_Exercise goal_
Repeat the stretch of entries below from the line with "2月26日,蓮花鎮(zhèn" through the line with "品名:洁柔 卷纸 BJ173-12N". Include both ends and add nothing.

_Supplied data_

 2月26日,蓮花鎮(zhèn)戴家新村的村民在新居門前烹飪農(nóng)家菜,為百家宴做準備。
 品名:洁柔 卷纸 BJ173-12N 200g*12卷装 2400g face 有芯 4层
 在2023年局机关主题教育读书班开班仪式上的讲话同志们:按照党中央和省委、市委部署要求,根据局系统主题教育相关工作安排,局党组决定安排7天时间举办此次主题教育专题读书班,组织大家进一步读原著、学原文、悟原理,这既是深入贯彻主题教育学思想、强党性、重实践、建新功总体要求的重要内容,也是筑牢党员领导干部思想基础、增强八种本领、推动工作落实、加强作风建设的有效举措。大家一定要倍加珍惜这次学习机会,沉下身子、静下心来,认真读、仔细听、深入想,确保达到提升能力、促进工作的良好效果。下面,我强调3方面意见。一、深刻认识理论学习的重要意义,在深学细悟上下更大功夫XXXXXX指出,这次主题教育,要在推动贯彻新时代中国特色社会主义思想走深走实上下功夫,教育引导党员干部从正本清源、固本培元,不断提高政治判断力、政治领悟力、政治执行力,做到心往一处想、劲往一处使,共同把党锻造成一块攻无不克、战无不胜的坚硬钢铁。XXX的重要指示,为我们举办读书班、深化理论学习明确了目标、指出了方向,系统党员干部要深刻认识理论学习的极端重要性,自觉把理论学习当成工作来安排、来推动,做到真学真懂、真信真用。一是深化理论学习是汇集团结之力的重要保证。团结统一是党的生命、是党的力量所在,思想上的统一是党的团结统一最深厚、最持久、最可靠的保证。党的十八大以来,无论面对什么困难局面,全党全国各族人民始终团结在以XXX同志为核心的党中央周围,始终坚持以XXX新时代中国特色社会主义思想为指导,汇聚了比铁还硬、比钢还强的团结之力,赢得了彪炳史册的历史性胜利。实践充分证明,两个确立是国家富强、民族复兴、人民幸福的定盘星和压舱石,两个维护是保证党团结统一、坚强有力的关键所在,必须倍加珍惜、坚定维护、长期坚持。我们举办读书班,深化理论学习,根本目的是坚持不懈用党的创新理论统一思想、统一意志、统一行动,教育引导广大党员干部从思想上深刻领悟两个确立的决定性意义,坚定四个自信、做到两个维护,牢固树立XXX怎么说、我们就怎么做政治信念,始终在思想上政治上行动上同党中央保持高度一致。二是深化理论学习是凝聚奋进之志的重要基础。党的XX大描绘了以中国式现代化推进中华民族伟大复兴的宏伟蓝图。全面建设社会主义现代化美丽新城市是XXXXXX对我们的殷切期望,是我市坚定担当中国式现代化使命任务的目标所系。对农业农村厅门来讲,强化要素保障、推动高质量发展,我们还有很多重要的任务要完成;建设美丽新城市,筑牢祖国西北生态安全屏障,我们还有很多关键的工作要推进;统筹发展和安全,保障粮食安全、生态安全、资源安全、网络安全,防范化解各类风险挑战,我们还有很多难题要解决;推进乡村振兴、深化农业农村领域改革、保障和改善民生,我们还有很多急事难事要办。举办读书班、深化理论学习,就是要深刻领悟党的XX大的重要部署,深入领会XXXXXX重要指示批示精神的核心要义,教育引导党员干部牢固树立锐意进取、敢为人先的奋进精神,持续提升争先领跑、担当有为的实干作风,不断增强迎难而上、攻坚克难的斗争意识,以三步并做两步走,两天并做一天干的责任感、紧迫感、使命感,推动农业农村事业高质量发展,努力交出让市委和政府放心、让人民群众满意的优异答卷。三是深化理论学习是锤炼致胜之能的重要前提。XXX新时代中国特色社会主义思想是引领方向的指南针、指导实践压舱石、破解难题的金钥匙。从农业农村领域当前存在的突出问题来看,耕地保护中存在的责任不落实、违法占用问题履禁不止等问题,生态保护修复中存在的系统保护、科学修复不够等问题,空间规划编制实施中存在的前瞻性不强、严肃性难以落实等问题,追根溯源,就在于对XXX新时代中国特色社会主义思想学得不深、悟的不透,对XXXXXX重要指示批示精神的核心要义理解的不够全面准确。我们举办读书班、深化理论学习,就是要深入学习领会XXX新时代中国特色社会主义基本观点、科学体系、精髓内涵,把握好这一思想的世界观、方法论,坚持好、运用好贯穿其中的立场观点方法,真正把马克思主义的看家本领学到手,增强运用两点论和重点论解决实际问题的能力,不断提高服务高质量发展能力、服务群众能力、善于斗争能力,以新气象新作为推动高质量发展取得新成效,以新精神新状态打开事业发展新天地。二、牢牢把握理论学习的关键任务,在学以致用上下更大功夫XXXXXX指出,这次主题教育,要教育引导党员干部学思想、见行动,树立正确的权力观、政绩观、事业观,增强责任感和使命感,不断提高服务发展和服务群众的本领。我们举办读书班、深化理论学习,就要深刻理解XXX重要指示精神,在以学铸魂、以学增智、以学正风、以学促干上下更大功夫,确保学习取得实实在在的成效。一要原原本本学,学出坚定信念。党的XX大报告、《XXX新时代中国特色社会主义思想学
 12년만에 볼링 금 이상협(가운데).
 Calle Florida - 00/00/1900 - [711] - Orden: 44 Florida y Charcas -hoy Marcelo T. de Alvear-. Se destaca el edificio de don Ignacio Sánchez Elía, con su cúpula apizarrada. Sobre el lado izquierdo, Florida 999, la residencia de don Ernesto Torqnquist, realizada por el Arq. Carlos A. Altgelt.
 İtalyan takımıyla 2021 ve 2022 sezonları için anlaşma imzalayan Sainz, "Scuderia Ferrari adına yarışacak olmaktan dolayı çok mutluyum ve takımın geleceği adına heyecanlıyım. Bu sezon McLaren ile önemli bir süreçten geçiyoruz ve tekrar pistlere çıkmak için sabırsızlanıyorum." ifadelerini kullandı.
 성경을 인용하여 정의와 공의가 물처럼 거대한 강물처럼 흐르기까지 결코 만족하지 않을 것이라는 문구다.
==
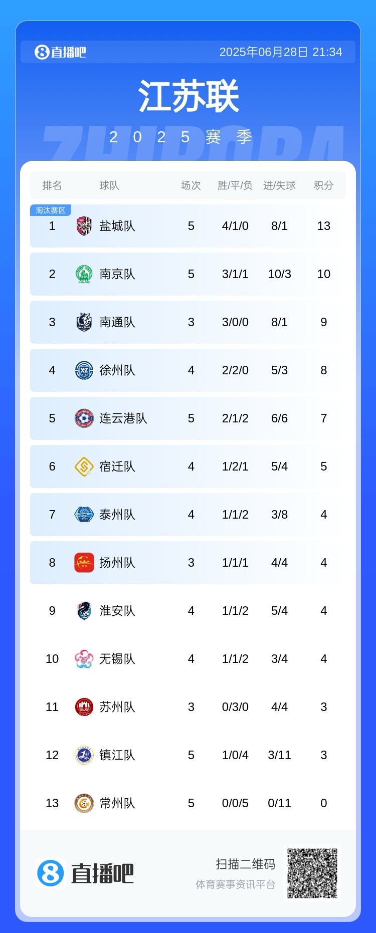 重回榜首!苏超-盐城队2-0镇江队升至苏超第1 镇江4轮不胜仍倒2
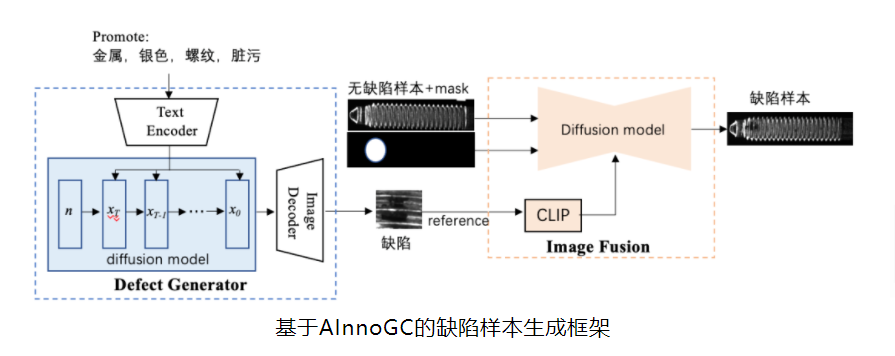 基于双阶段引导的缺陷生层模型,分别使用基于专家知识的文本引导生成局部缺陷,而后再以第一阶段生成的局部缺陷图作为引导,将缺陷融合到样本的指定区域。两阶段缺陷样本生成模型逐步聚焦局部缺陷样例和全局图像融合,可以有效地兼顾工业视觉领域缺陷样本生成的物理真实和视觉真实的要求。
...
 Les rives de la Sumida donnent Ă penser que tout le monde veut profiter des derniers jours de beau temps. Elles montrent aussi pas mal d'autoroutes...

_Exercise output_
 2月26日,蓮花鎮(zhèn)戴家新村的村民在新居門前烹飪農(nóng)家菜,為百家宴做準備。
 品名:洁柔 卷纸 BJ173-12N 200g*12卷装 2400g face 有芯 4层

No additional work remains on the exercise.